Oct 10 Southern California Gas Co is waiting for final safety test results from fewer than 10 wells at its Aliso Canyon natural gas storage facility in Los Angeles before state agencies can allow the company to inject fuel into the field, according to a report posted Monday.

SoCalGas shut Aliso Canyon in October 2015 due to a massive methane leak that was not plugged until February.

Under state law, the gas utility cannot inject fuel into the field until the California Division of Oil, Gas and Geothermal Resources (DOGGR) approves the company's testing of the 114 wells at the facility to ensure their safety.

SoCalGas is owned by California energy company Sempra Energy . Aliso Canyon is the biggest of its four storage fields. It supplies gas to homes and businesses in Southern California, including power plants and refineries.

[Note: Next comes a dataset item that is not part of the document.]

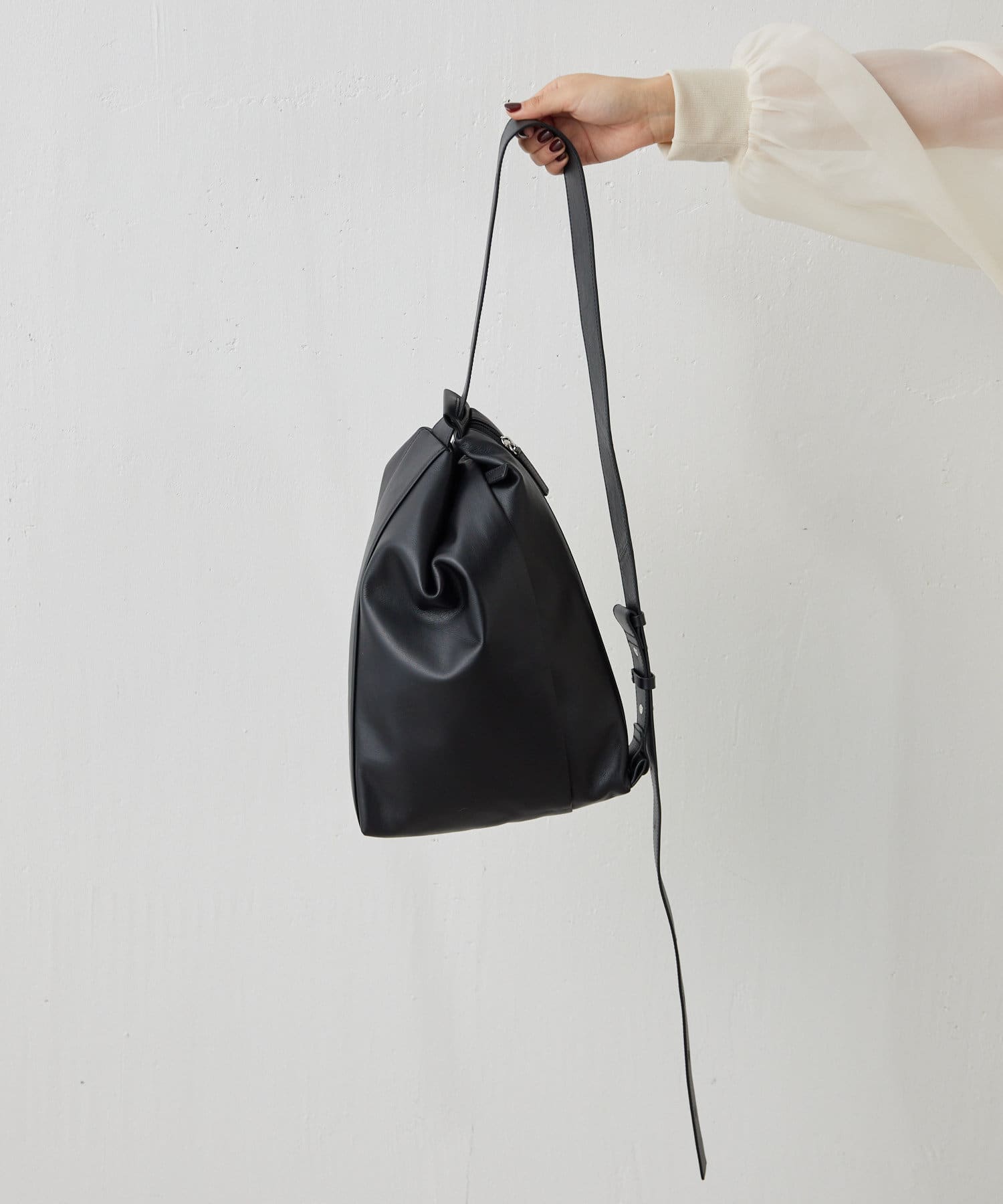 ショルダーとしても、巾着型のリュック風としても持てる2WAY仕様で、

According to its latest report on Oct. 7, SoCalGas said 27 wells passed all safety tests, nine awaited results and 78 were temporarily out of operation.

All wells must either pass all tests or be taken out of service before DOGGR can call a public meeting. Since DOGGR must give the public 15 days notice before a meeting, SoCalGas could not start injecting gas into Aliso Canyon until some time in late October at the earliest.

In addition to DOGGR, the California Public Utilities Commission must also determine the field is safe to operate.

The state required SoCalGas to keep 15 billion cubic feet of gas in the 86-bcf facility to minimize the risk of gas shortages that could result in electricity outages.

Once enough wells have passed all tests and received DOGGR approval to meet the PUC's withdrawal requirements, SoCalGas said it will temporarily plug the remaining wells and take them out of service.

The PUC in late September reduced the required minimum withdrawal capability SoCalGas must maintain from 420 million cubic feet per day to 207 mmcfd, which the utility said would likley enable it to speed up the testing process.

Once those wells have been plugged and isolated from the reservoir, SoCalGas can request authority to resume injections. The company has not said when it planned to make that request.

At that point, DOGGR and the PUC would be able to undertake their review and certification process, which will include a public hearing, as provided by state Senate Bill 380, prior to SoCalGas resuming injections.